Goal: To build a fully automated framework capable of continuously generating, verifying, and evolving MLE tasks, liberating humans from tedious task curation.
Core Idea: A generate–verify–execute paradigm. Three specialized agents (Brainstormer / Designer / Refactor) structurally design and standardize tasks, accompanied by a hybrid verification mechanism (deterministic assertions + LLM semantic review + interactive execution verification) to provide multi-layered quality control. Only tasks passing all three stages are retained.

Method¶

Overall Architecture¶

MLE-Smith takes raw datasets from sources like Kaggle as input and produces competition-style MLE tasks through a sequentially structured pipeline. First, a multi-agent generation workflow proposes and instantiates multiple candidate tasks. Then, a hybrid verification mechanism integrated throughout the process enforces hard structural constraints and soft semantic constraints. Finally, the entire pipeline is run within an interactive MLE environment to confirm empirical solvability. These three phases are concatenated to preserve task diversity while providing strong guarantees for structural correctness and downstream usability. All agents are driven by GPT-5 by default, though the pipeline is compatible with any LLM.

flowchart LR
    D[Raw Datasets<br/>Kaggle] --> B[Brainstormer<br/>Enumerate Candidate Tasks]
    B --> DS[Designer<br/>Instantiate Full Task Package]
    DS --> RF[Refactor<br/>Standardize Uniform Format]
    subgraph V[Hybrid Verification Mechanism]
        A1[Assertions<br/>Deterministic Guardrails]
        RV[Reviews<br/>LLM Semantic Review]
        EX[Execution<br/>Interactive Execution Validation]
    end
    DS -.Pre-Refactor.-> A1
    RF -.Post-Refactor.-> A1
    RF --> RV
    RV --> EX
    EX -- Failure Feedback --> DS
    EX -- Failure Feedback --> RF
    EX --> T[Verified<br/>MLE Tasks]

Key Designs¶

1. Multi-agent Generation Workflow: Separating Hypotheses from Commitment: Three specialized agents hand over products sequentially, with controlled feedback loops for upstream refinement. Each agent utilizes domain tools such as file I/O, shell, and code execution, with outputs standardized in a structured format for automated verification. Brainstormer, after multiple rounds of data exploration, does not provide a single design but enumerates a set of candidate task formats (the number of candidates is determined adaptively by dataset attributes, up to 3 per dataset). It explicitly specifies prediction targets, evaluation metrics, data utilization methods, and design rationale. A key principle is that all labels and features must realistically originate from the data itself (explicitly provided or deterministically derived) rather than being synthetic or heuristically constructed. Designer instantiates an end-to-end runnable, complete task package for each candidate without human intervention. This includes four major components: deterministic train/test splits, input-output schemas, task-specific evaluation metrics with numerical stability, and a full suite of auxiliary components (task descriptions, prepare.py scripts, sample valid submissions, evaluation scripts, and test scripts). Refactor rewrites candidate tasks into a shared consistent schema (preparation interfaces, I/O specifications, metric.py implementation, standardized directory structures like raw/ private/ public/, and feedback reporting mechanisms), ensuring format consistency and cross-file coherence. This design of "first separating hypothesis generation, then committing to specific implementation" preserves flexibility and diversity without sacrificing feasibility.
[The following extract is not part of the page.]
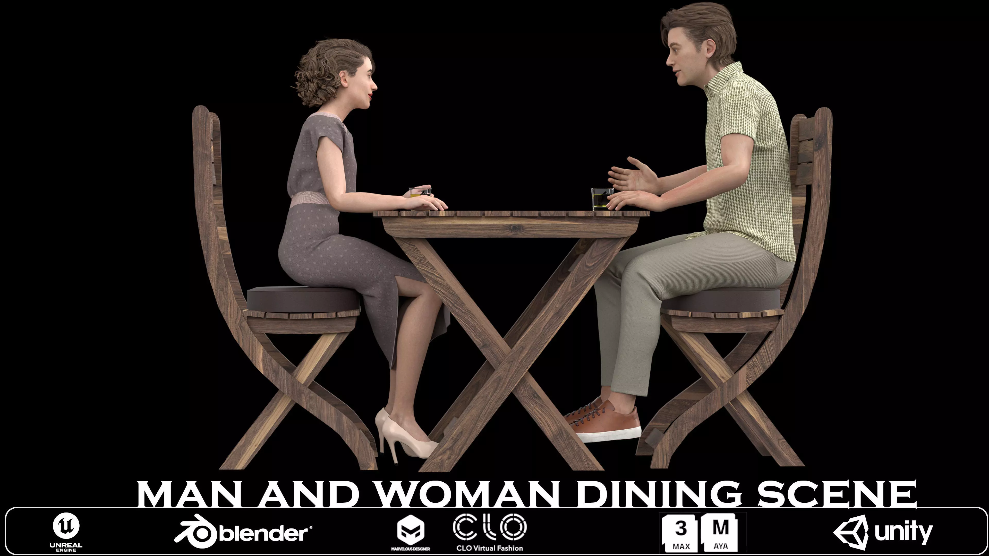 Name: man and woman dining sceneType: modelFormat: 3Ds Max 2013Export: FBX, OBJRender: VRay (5.x), Corona (6)Polys: 252912Verts: 322672Matclasses: Multimaterial,VRayMtl,CoronaMtlUnits: CentimetersDimension: 206.68 x 77.17 x 154.79Date: 2025.8.26This sophisticated 3D dining scene features two realistic characters engaged in an intimate conversation at a beautifully crafted wooden table. The scene includes a professionally dressed woman in an elegant gray dress and high heels, and a man in a contemporary checkered shirt and chinos, both positioned naturally with drinks in hand. The rustic wooden furniture set showcases detailed wood grain textures and traditional cross-leg design, creating an authentic restaurant or home dining atmosphere perfect for lifestyle and hospitality visualizations.The complete scene package includes fully rigged characters with natural poses, detailed facial features, and contemporary clothing with realistic fabric textures. The wooden table and chairs feature high-quality materials with accurate wood grain patterns and warm, natural lighting. This ready-to-use asset is optimized for architectural visualization, restaurant marketing, lifestyle applications, dating apps, and social simulation games. Compatible with major 3D software and game engines, the scene offers excellent versatility for both close-up character interaction shots and wide environmental renders.

2. Hybrid Verification Mechanism: A Three-Layer Contract of Hard and Soft Constraints: Verification is not a one-time check at the end of the pipeline but a persistent multi-layer contract integrated across the generate–verify–execute stages, consisting of three complementary strategies. Assertions (Deterministic Gatekeepers) encode mandatory structural constraints: checking file existence, directory layout, and schema compliance for functions/classes/scripts. The Pre-Refactor stage confirms the completeness of the Designer's output (e.g., metric.py and prepare.py can run, sample submissions and test answers are generated), while the Post-Refactor stage enforces full compliance with the uniform schema (function signatures, interface formats, execution scripts). Reviews (Semantic Review) use LLM agents to evaluate the clarity of task descriptions, the appropriateness of metrics, and whether the task encourages meaningful behavior rather than shortcuts—catching issues that are formally correct but semantically invalid, such as "passing assertions but leaking ground truth or missing info in descriptions." Execution-based Validation (Empirical Solvability) runs the full task in an interactive environment based on MLE-Dojo. A ReAct-style coding agent with an action budget simulates real MLE interactions, monitoring two aspects: real pipeline verification (data prep → training → evaluation → scoring can run without human help) and performance verification (ensuring a test agent can achieve a non-trivial score and that the metric is sensitive to method quality). Failures in any dimension are recorded as structural defects, triggering feedback loops for targeted refinement by the Designer/Refactor or re-running the corresponding stage. The three layers cooperate—assertions handle structure, reviews handle semantics, and execution handles realistic solvability—ensuring only high-quality tasks pass all three stages.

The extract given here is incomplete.